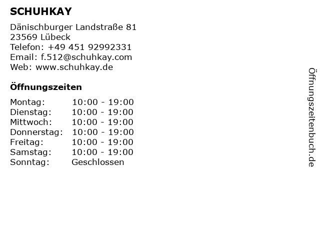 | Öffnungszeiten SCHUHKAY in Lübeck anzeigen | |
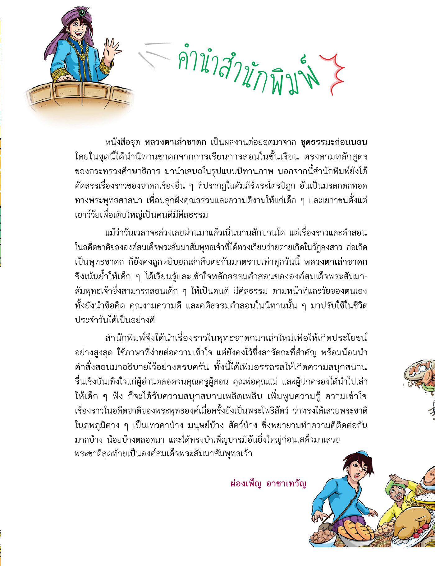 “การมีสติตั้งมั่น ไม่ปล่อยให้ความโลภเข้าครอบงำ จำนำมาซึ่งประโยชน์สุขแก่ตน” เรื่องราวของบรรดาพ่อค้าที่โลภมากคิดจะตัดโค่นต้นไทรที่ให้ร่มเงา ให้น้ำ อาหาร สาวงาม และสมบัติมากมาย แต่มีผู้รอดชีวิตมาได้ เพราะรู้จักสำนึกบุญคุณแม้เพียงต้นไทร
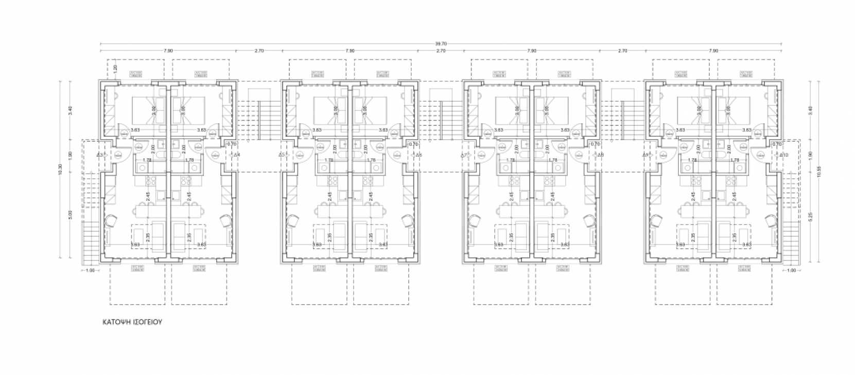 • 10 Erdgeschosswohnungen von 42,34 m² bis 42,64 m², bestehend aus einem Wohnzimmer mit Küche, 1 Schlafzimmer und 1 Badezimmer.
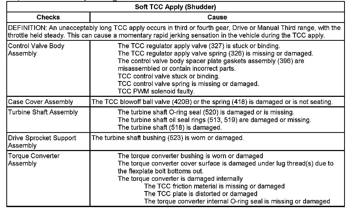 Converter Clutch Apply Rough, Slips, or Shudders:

...

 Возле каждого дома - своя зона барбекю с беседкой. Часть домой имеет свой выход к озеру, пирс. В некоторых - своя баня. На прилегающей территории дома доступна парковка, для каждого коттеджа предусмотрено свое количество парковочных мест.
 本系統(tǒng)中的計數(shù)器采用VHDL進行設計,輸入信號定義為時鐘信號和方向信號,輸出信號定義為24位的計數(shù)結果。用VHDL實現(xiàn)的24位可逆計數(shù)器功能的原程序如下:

...

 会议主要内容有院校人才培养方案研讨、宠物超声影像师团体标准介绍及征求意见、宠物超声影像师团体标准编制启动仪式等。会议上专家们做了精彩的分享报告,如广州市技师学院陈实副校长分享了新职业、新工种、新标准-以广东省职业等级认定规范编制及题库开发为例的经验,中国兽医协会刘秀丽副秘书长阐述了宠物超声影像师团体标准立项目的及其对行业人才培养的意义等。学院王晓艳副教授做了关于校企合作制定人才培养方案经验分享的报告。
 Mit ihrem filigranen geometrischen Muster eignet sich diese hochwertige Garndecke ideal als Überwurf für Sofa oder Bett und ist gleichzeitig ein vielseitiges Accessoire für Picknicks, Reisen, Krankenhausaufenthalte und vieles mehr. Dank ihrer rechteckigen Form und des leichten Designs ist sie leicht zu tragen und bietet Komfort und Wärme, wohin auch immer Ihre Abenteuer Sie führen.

**Task goal**
Using the entries above, extract exactly the lines from the one that contains "anzeigen | |" through the one that contains "ให้น้ำ อาหาร สาวงาม". Do not carry over any pictures.

**Answer section**
 | Öffnungszeiten SCHUHKAY in Lübeck anzeigen | |
 “การมีสติตั้งมั่น ไม่ปล่อยให้ความโลภเข้าครอบงำ จำนำมาซึ่งประโยชน์สุขแก่ตน” เรื่องราวของบรรดาพ่อค้าที่โลภมากคิดจะตัดโค่นต้นไทรที่ให้ร่มเงา ให้น้ำ อาหาร สาวงาม และสมบัติมากมาย แต่มีผู้รอดชีวิตมาได้ เพราะรู้จักสำนึกบุญคุณแม้เพียงต้นไทร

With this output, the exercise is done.